Retype the listing below exactly, pictures removed.

---------- Data to examine ----------

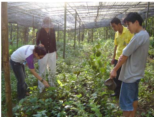
ศูนย์รวบรวมพันธุ์ของเผ่าไทใหญ่
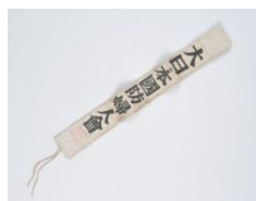
大日本国防婦人会たすき

「三重の実物図鑑人文コーナー」(MieMu 3階)では、三重県総合博物館が所蔵する戦争関連資料のなかから、出征する兵士と、銃後と言われた国民生活の様子がわかる資料を、「戦争と三重」と題し、 7月19日(土)から8月24日(日)まで 展示しています。
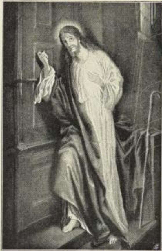
J. Kostka: Siehe, ich stehe vor der Tür und klopfe an.

Bildgröße . . . 37×57 cm. jetzt 6 Mk. ord. Kartongröße 73×95 cm. Bildgröße . . . 21×31 cm. jetzt 250 Mk. ord. Kartongröße 44×55 cm.
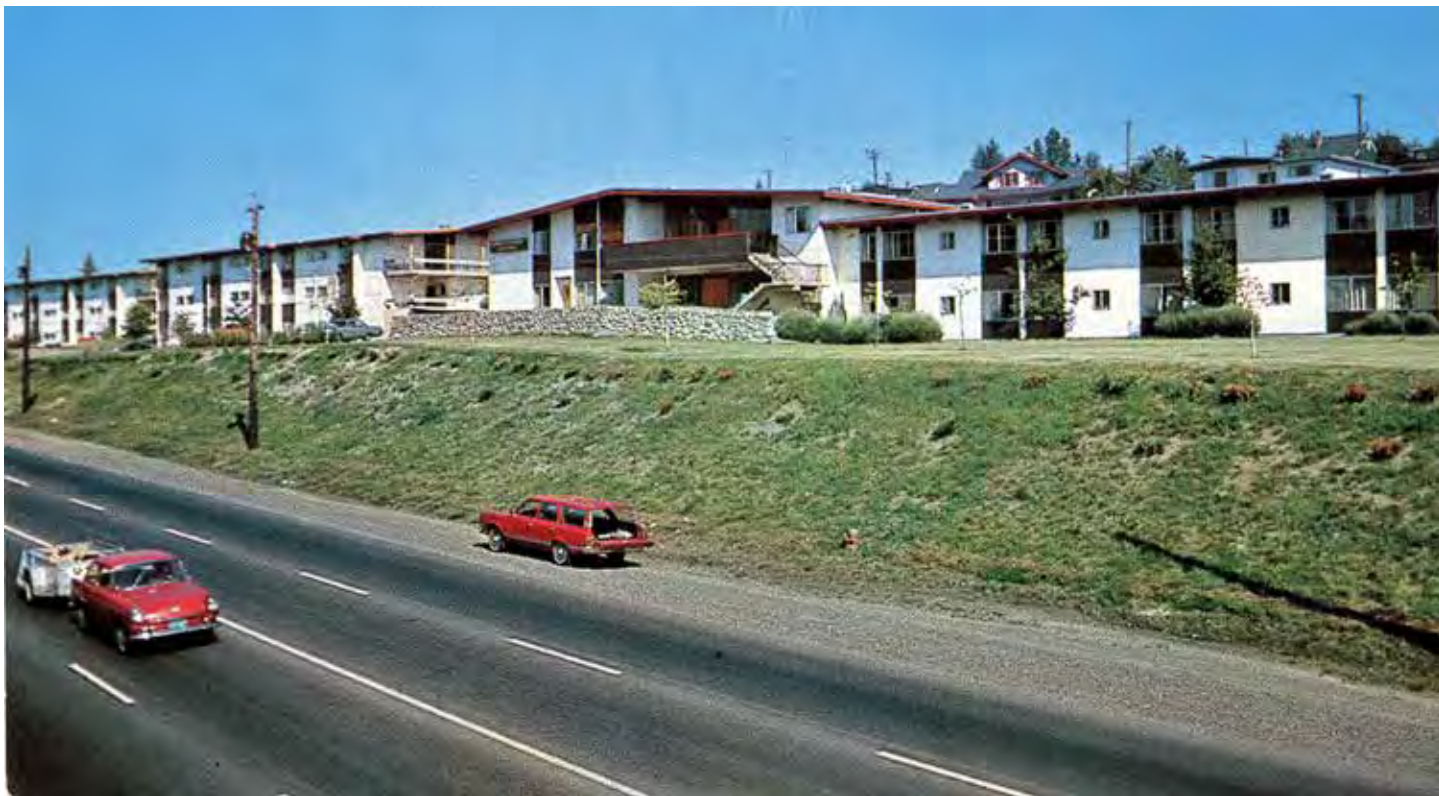
Harrison Drive Old Postcard.

Monet niistä saavutuksista, jotka yhdistys oli saanut aikaan viidenkymmenen vuoden toimintansa aikana, oli seurausta työstä, jolla se mahdollistanut hoitokotivuoteita suomalais-
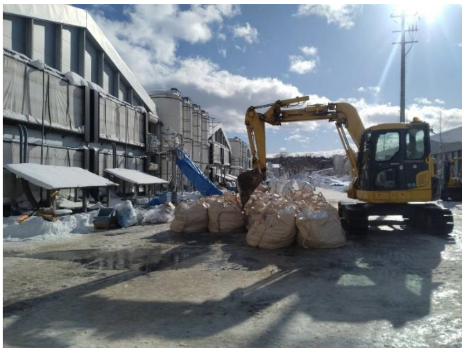
①2022. 12. 20 (13 時頃) 自衛隊による防疫作業の様子 1
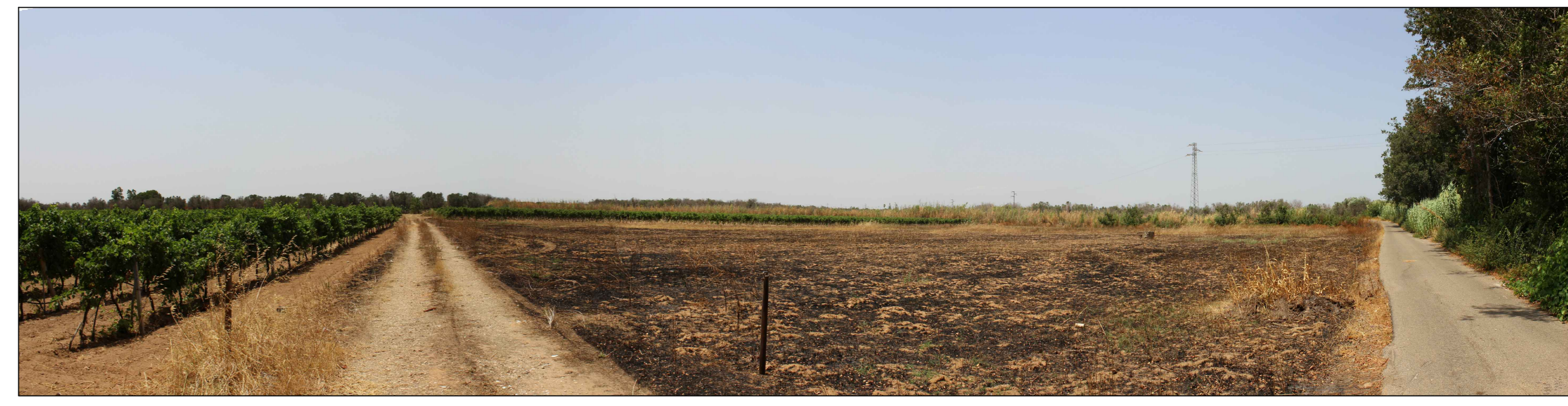
Panoramica - Stato di Progetto
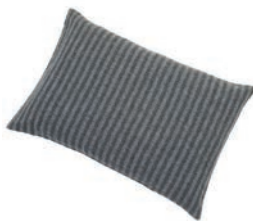
9200 DARK GREY / GREY
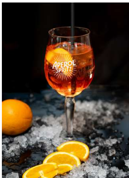
Aperol Spritz 9,00 €

----------

Task solution:
ศูนย์รวบรวมพันธุ์ของเผ่าไทใหญ่
大日本国防婦人会たすき

「三重の実物図鑑人文コーナー」(MieMu 3階)では、三重県総合博物館が所蔵する戦争関連資料のなかから、出征する兵士と、銃後と言われた国民生活の様子がわかる資料を、「戦争と三重」と題し、 7月19日(土)から8月24日(日)まで 展示しています。
J. Kostka: Siehe, ich stehe vor der Tür und klopfe an.

Bildgröße . . . 37×57 cm. jetzt 6 Mk. ord. Kartongröße 73×95 cm. Bildgröße . . . 21×31 cm. jetzt 250 Mk. ord. Kartongröße 44×55 cm.
Harrison Drive Old Postcard.

Monet niistä saavutuksista, jotka yhdistys oli saanut aikaan viidenkymmenen vuoden toimintansa aikana, oli seurausta työstä, jolla se mahdollistanut hoitokotivuoteita suomalais-
①2022. 12. 20 (13 時頃) 自衛隊による防疫作業の様子 1
Panoramica - Stato di Progetto
9200 DARK GREY / GREY
Aperol Spritz 9,00 €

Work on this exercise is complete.